25. A mature somatic gymnosperm embryo according to claim 24, characterized by being analogous to a gymnosperm zygotic embryo.

26. A mature somatic gymnosperm embryo according to claim 25, wherein a conifera is named gymnosperm.

27. A mature coniferous somatic embryo according to claim 26, where an embryo is named that comes from the Pinaceae family.

28. A mature coniferous somatic embryo according to claim 27, where an embryo is named that comes from the genus Pinus.

29. A mature somatic pinacea embryo according to claim 28, wherein all those that come from the genus Pinus are named embryos.

30. A method according to claim 24, wherein the so-called embryos are developed in a time range between 1-12 weeks.

31. A method according to claim 24, wherein the so-called embryos are developed in a time range between 3-10 weeks.

32. A method according to claim 24, wherein the so-called embryos are developed in a time range between 5-8 weeks.

33. A method according to claim 24, wherein the ratio of ammonium to nitrate is 10:90.

34. A method according to claim 24, wherein the ratio of ammonium to nitrate is 20:80.

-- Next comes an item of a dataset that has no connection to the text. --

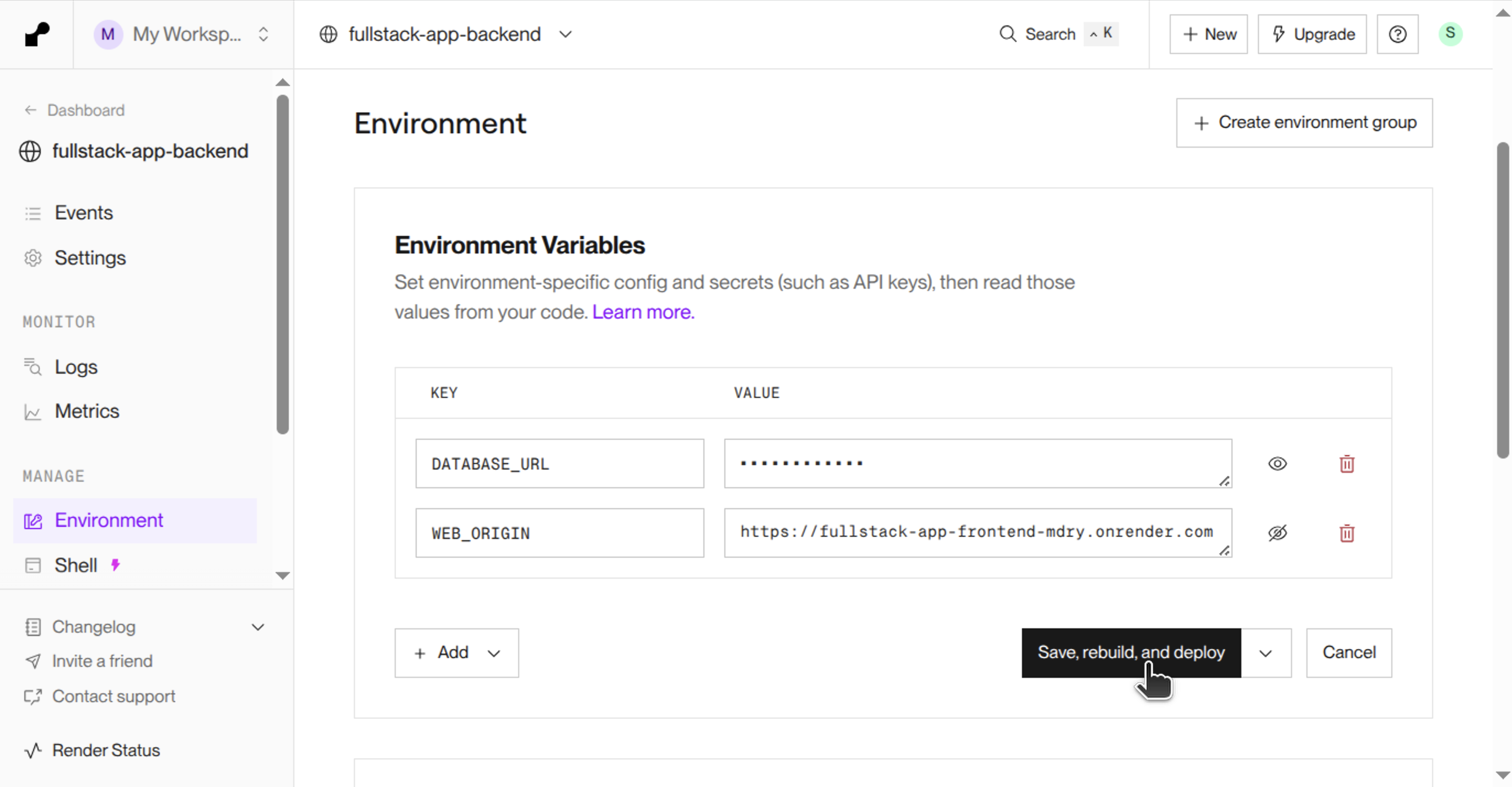 DATABASE_URLでデータベースへの接続情報を設定します。環境変数WEB_ORIGINは、ひとまず空のままにしておきます。

35. A method according to claim 24, wherein the ratio of ammonium to nitrate is 30:70.

36. A method according to claim 24, wherein the carbon source is maltose.

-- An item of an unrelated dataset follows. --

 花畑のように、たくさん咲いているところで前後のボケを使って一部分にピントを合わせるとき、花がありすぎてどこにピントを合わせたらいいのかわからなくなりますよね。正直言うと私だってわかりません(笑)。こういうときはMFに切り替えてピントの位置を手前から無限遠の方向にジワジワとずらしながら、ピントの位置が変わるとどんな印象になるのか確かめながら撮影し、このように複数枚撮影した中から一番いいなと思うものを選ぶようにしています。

37. A method according to claim 24, wherein the concentration of maltose is 3% and 9%.

38. A method according to claim 24, wherein the maturation promoter is ABA or its analogues.

39. A method according to claim 24, wherein the concentration of ABA in said medium has a range between 60 to 100 uM.

40. A method according to claim 24, wherein the desiccating agent in said medium is "gellan gum".

41. A method according to claim 24, wherein the concentration of "gellan gum" in said medium is in a range of 0.5 to 0.65. CONSERVATION IN REFRIGERATION, CULTIVATION IN SUSPENSION AND MATURATION OF SOMATIC EMBRYOS OF GYMNOSPERMS ABSTRACT A new method to obtain mature somatic embryos of gymnosperms, based on refrigeration and suspension culture to conserve the embryogenic capacity of immature somatic embryos. Which consists of maintaining immature somatic embryos in a liquid medium at 4 ° C for a maximum period of one year; the reinduction and proliferation of immature embryos, treatment to reduce the proliferation and maturation of somatic embryos. With the exception of the last stage, everything was done by suspension cultures. The germination of the embryos and the development of the plant were done in a conventional manner.